Querying Spark SQL DataFrame with complex types

python

dataframe

higher-order-functions

data-structures

byNikita Barsukov·Dec 22, 2024

Spark DataFrames contain complex types, nested or otherwise. Use explode() function along with dot notation to access elements:

from pyspark.sql.functions import explode

# Ha! Putting off that workout payoff
flattened_df = df.select(explode("arrayCol").alias("elements"))

Reach into nested structures directly using dot syntax:

# It's like an adventure into the Inception movie!
df.select("structCol.field").show()

Access and manipulate complex types in Spark DataFrame effortlessly with these techniques.

Bring out big guns: Higher Order Functions

Working with arrays or maps? Fret not. Spark provides higher order functions like transform, filter, and aggregate. These come as handy tools to drill into the data:

from pyspark.sql.functions import expr

# TRANSFORM! Autobots, roll out!
df.withColumn("transformedArray", expr("transform(arrayCol, x -> x + 1)"))

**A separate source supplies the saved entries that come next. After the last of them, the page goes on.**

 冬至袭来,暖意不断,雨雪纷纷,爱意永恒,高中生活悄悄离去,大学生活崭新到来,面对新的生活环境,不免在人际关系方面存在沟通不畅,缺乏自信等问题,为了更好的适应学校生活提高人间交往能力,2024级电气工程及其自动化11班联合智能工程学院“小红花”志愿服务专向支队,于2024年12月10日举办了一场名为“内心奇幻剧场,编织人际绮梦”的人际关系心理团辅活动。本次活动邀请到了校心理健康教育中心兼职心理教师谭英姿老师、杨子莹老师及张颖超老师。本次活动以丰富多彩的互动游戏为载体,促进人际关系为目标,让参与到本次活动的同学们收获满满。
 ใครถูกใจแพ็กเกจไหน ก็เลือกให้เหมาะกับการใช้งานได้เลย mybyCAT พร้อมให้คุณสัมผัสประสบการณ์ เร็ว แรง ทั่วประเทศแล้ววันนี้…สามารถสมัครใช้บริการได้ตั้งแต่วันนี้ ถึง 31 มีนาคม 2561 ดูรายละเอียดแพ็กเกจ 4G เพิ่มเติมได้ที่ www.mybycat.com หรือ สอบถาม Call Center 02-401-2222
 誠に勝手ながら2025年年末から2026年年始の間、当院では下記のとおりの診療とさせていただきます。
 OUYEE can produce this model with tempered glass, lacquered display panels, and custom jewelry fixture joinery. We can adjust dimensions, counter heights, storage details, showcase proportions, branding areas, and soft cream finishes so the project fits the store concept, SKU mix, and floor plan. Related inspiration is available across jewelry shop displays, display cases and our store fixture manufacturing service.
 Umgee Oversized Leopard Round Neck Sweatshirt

# Swipe left, swipe right; It's like Tinder for arrays!
df.withColumn("filteredArray", expr("filter(arrayCol, x -> x > 10)"))

# It's not hoarding if it's data!
df.withColumn("aggregatedValue", expr("aggregate(arrayCol, 0, (acc, x) -> acc + x)"))

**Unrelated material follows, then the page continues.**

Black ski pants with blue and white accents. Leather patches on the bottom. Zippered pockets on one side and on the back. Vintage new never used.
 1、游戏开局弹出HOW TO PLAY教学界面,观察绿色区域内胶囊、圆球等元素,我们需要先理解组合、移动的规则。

These are high precision tools for element-level operations within array fields.

Handling JSON columns and map fields

Behold, Spark SQL provides functions like get_json_object and from_json,`to efficiently extract and manipulate data embedded in JSON strings and map fields:

from pyspark.sql.functions import get_json_object, from_json

# Unleash the power of JSON!
df.select(get_json_object(df.jsonColumn, '$.key').alias("value"))

# Unveiling the map inside the JSON
df.withColumn("parsedMap", from_json(df.jsonStringColumn, schema))

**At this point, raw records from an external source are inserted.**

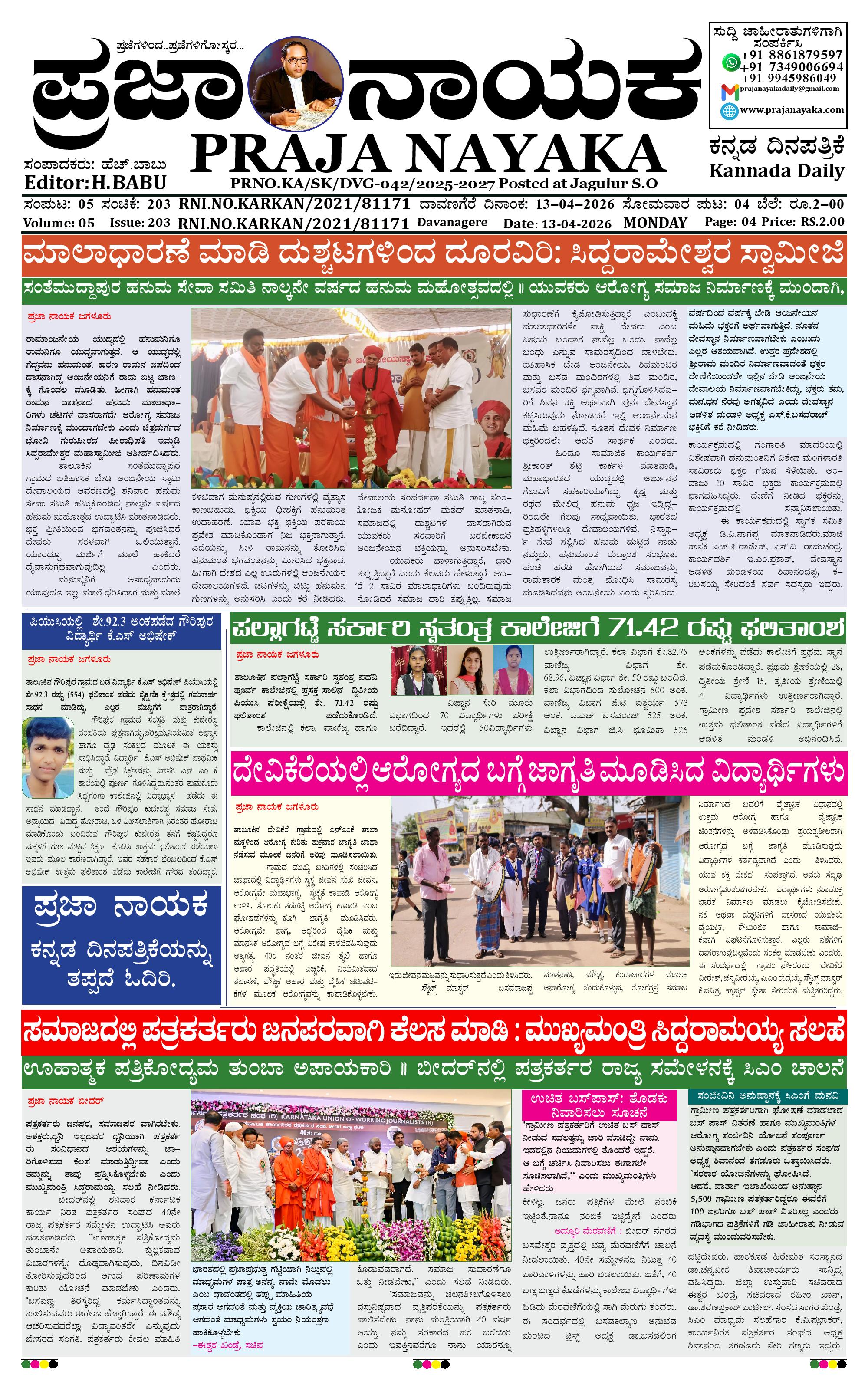 ಪ್ರಜಾ ನಾಯಕ 13 APR 2026 April 13, 2026 << First << 1 >> Last >> Page 1Page 2Page 3Page 4 × ಪ್ರಜಾ ನಾಯಕ 13 APR 2026 PRAJA NAYAKA (138)-page-001PRAJA NAYAKA (138)-page-002PRAJA NAYAKA (138)-page-003PRAJA NAYAKA (138)-page-004 << First << 1 >> Last >> PRAJA NAYAKA (138)-page-001PRAJA NAYAKA (138)-page-002PRAJA NAYAKA (138)-page-003PRAJA NAYAKA (138)-page-004 PRAJA NAYAKA (138)-page-001
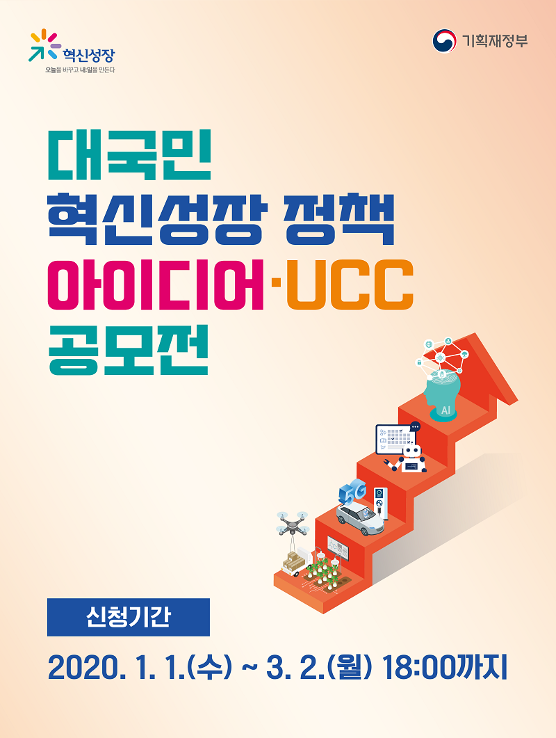 안녕하십니까 기획재정부에서는 혁신성장 확산 및 가속화를 위한 새로운 정책과제 발굴 및 그간 추진해온 혁신성장 정책에 대한 국민 이해도와 체감도 제고를 위해 아래와 같이 “대국민 혁신성장 정책아이디어·UCC공모전”을 진행할 예정입니다. 여러분의 많은 협조부탁드립니다. ㅇ 공모전 홈페이지 주소 및 배너: www.inno-idea.com ㅇ 기간: 2020. 1. 1.(수) ~ 3. 2.(월)
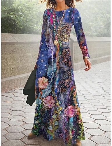 Damen Maxi Kleid Vintage Bohemian A-Linie Kleid Rundhalsausschnitt Langarm Lässig Kleid Winterkleid Swing Kleid Outdoor Täglicher Date Regulärer Schnitt Floral Blau Herbst Winter
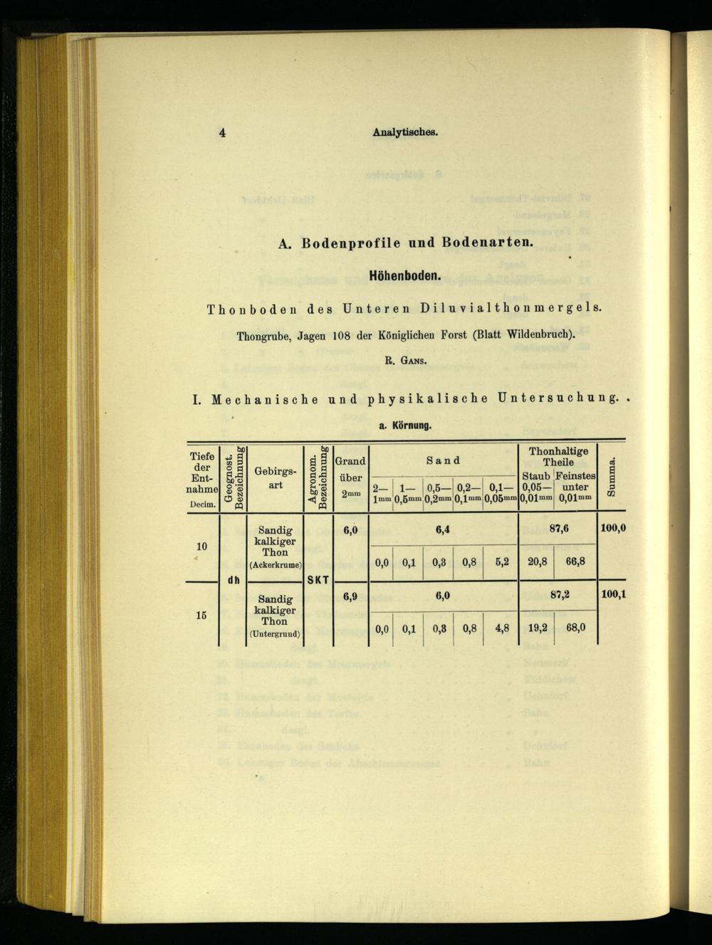 A. Bodenprofile und Bodenarten. Höhenboden.

PLUS, you can select fields from maps with the dot syntax and wildcard (*):

# Who's the map's favourite singer? Alicia Keys!
df.select("mapColumn.key.*")

Converting RDDs with complex types to DataFrames

Have an RDD with complex types? Switch to DataFrames and own your queries like a boss:

from pyspark.sql import SparkSession
from pyspark.sql.types import StructType, StructField, StringType

# SQL's got back. With a Struct.
schema = StructType([
    StructField("id", StringType(), True),
    StructField("data", StringType(), True) # complex? Bring it on!
])

# Non-Stick RDD to DataFrame!
spark = SparkSession.builder.getOrCreate()
df = spark.createDataFrame(rdd, schema)

df.createOrReplaceTempView("my_temp_view") # Name it anything, just don't call it late for dinner.
spark.sql("SELECT * FROM my_temp_view").show()

Taming the nested fields beast with case classes

Have nested fields lurking in your DataFrame? Create a case class representing the Data Structure. Next, convert an RDD to a DataFrame using toDF:

case class MyStructure(nestedField: AnotherStructure)
val myRDD = sc.parallelize(Seq(MyStructure(...)))

val myDataFrame = myRDD.toDF() // Can't touch this!